Repeat Sprint & Recover 10 Times

  • AT 23 MINUTES BEGIN STEADY STATE CARDIO FOR 20 MORE MINUTES
  • COOL DOWN 3-5 MINUTES

TOTAL TIME 45-50 MINTUES CARDIO

CORE WORK (PERFORM EACH REP SLOW & CONTROLLED)

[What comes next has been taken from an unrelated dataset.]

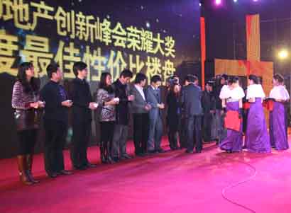 同時,經過專家評審、網友投票等綜合評定,12項年度地產大獎在現場榮耀揭曉,這12項大獎包括:年度品牌地產、年度責任地產、年度關注大獎、年度人氣口碑大獎、年度搜索大獎、年度高端物業、年度最佳性價比樓盤、年度低碳樓盤、年度宜居樓盤、年度民心工程、年度新銳地產等獎項。

20 REPS OF EACH – REPEAT 3 TIMES

  • DOUBLE CRUNCHES (HOLD AT TOP FOR 1 SECOND)
  • SIDE STRETCH WITH STABILITY BALL (FOR LONG LEAN WAIST)
*COUNT OUT 40 REPST TOTAL – KEEP YOUR ABS DRAWN IN TIGHT! (THIS IS HARDER THAN IT LOOKS!)

Stretch really well!

Try these effective workout routines anytime, whether you're out of town, or just can't make it to the gym. Now there's no excuse not to workout.